Goal of the exercise
Word for word, write out all of the entries that follow.

*** Opening of Dataset records ***

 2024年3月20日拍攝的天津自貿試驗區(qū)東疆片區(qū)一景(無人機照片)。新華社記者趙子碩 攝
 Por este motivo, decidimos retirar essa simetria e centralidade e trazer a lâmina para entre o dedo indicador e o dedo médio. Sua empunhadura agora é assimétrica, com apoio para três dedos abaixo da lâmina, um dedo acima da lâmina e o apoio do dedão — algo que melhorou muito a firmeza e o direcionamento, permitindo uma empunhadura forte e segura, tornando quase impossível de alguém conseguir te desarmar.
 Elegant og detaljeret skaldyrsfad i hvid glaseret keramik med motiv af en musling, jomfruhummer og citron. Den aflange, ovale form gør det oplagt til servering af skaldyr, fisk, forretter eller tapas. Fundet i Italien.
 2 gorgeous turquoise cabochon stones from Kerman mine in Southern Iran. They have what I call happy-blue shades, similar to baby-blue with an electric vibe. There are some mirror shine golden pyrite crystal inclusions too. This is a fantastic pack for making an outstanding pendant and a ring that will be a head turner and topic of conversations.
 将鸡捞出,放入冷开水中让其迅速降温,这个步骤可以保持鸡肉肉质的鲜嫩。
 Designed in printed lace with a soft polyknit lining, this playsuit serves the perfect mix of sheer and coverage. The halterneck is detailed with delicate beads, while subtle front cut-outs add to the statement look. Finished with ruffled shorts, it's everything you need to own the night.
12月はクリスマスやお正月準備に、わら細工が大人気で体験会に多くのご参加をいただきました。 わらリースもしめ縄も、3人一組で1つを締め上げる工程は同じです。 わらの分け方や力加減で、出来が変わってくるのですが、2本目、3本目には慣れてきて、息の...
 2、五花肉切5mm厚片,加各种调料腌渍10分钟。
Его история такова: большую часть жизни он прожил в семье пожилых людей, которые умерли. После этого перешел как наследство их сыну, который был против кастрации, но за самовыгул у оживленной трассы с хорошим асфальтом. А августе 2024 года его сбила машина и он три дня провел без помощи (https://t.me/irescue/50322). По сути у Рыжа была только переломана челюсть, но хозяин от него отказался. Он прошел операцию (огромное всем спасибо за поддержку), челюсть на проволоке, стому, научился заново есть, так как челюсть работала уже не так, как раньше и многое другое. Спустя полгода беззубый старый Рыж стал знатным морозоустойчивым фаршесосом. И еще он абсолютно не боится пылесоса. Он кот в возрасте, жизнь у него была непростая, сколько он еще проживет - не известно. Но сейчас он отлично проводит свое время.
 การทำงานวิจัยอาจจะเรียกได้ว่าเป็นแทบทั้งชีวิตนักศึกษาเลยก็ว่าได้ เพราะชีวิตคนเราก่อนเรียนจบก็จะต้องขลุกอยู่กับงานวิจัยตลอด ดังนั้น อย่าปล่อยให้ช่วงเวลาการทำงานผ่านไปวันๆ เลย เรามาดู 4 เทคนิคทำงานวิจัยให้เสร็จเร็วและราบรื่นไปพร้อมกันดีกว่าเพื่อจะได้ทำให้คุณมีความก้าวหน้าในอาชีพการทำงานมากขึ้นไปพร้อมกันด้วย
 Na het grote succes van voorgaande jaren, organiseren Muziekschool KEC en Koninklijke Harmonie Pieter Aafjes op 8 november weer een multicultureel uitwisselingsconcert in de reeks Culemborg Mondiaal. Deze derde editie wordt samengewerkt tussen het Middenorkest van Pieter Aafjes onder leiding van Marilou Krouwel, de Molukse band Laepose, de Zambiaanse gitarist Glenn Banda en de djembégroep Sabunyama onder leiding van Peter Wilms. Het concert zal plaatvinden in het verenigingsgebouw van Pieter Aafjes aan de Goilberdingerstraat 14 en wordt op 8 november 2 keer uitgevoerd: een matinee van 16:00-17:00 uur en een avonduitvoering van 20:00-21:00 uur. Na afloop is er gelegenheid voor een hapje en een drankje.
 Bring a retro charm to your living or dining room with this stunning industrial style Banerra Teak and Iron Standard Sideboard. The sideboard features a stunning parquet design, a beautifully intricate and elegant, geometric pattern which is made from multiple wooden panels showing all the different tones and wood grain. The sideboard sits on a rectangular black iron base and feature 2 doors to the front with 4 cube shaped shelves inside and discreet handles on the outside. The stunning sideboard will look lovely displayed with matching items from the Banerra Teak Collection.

*** Close of Dataset records ***

Task response
 2024年3月20日拍攝的天津自貿試驗區(qū)東疆片區(qū)一景(無人機照片)。新華社記者趙子碩 攝
 Por este motivo, decidimos retirar essa simetria e centralidade e trazer a lâmina para entre o dedo indicador e o dedo médio. Sua empunhadura agora é assimétrica, com apoio para três dedos abaixo da lâmina, um dedo acima da lâmina e o apoio do dedão — algo que melhorou muito a firmeza e o direcionamento, permitindo uma empunhadura forte e segura, tornando quase impossível de alguém conseguir te desarmar.
 Elegant og detaljeret skaldyrsfad i hvid glaseret keramik med motiv af en musling, jomfruhummer og citron. Den aflange, ovale form gør det oplagt til servering af skaldyr, fisk, forretter eller tapas. Fundet i Italien.
 2 gorgeous turquoise cabochon stones from Kerman mine in Southern Iran. They have what I call happy-blue shades, similar to baby-blue with an electric vibe. There are some mirror shine golden pyrite crystal inclusions too. This is a fantastic pack for making an outstanding pendant and a ring that will be a head turner and topic of conversations.
 将鸡捞出,放入冷开水中让其迅速降温,这个步骤可以保持鸡肉肉质的鲜嫩。
 Designed in printed lace with a soft polyknit lining, this playsuit serves the perfect mix of sheer and coverage. The halterneck is detailed with delicate beads, while subtle front cut-outs add to the statement look. Finished with ruffled shorts, it's everything you need to own the night.
12月はクリスマスやお正月準備に、わら細工が大人気で体験会に多くのご参加をいただきました。 わらリースもしめ縄も、3人一組で1つを締め上げる工程は同じです。 わらの分け方や力加減で、出来が変わってくるのですが、2本目、3本目には慣れてきて、息の...
 2、五花肉切5mm厚片,加各种调料腌渍10分钟。
Его история такова: большую часть жизни он прожил в семье пожилых людей, которые умерли. После этого перешел как наследство их сыну, который был против кастрации, но за самовыгул у оживленной трассы с хорошим асфальтом. А августе 2024 года его сбила машина и он три дня провел без помощи (https://t.me/irescue/50322). По сути у Рыжа была только переломана челюсть, но хозяин от него отказался. Он прошел операцию (огромное всем спасибо за поддержку), челюсть на проволоке, стому, научился заново есть, так как челюсть работала уже не так, как раньше и многое другое. Спустя полгода беззубый старый Рыж стал знатным морозоустойчивым фаршесосом. И еще он абсолютно не боится пылесоса. Он кот в возрасте, жизнь у него была непростая, сколько он еще проживет - не известно. Но сейчас он отлично проводит свое время.
 การทำงานวิจัยอาจจะเรียกได้ว่าเป็นแทบทั้งชีวิตนักศึกษาเลยก็ว่าได้ เพราะชีวิตคนเราก่อนเรียนจบก็จะต้องขลุกอยู่กับงานวิจัยตลอด ดังนั้น อย่าปล่อยให้ช่วงเวลาการทำงานผ่านไปวันๆ เลย เรามาดู 4 เทคนิคทำงานวิจัยให้เสร็จเร็วและราบรื่นไปพร้อมกันดีกว่าเพื่อจะได้ทำให้คุณมีความก้าวหน้าในอาชีพการทำงานมากขึ้นไปพร้อมกันด้วย
 Na het grote succes van voorgaande jaren, organiseren Muziekschool KEC en Koninklijke Harmonie Pieter Aafjes op 8 november weer een multicultureel uitwisselingsconcert in de reeks Culemborg Mondiaal. Deze derde editie wordt samengewerkt tussen het Middenorkest van Pieter Aafjes onder leiding van Marilou Krouwel, de Molukse band Laepose, de Zambiaanse gitarist Glenn Banda en de djembégroep Sabunyama onder leiding van Peter Wilms. Het concert zal plaatvinden in het verenigingsgebouw van Pieter Aafjes aan de Goilberdingerstraat 14 en wordt op 8 november 2 keer uitgevoerd: een matinee van 16:00-17:00 uur en een avonduitvoering van 20:00-21:00 uur. Na afloop is er gelegenheid voor een hapje en een drankje.
 Bring a retro charm to your living or dining room with this stunning industrial style Banerra Teak and Iron Standard Sideboard. The sideboard features a stunning parquet design, a beautifully intricate and elegant, geometric pattern which is made from multiple wooden panels showing all the different tones and wood grain. The sideboard sits on a rectangular black iron base and feature 2 doors to the front with 4 cube shaped shelves inside and discreet handles on the outside. The stunning sideboard will look lovely displayed with matching items from the Banerra Teak Collection.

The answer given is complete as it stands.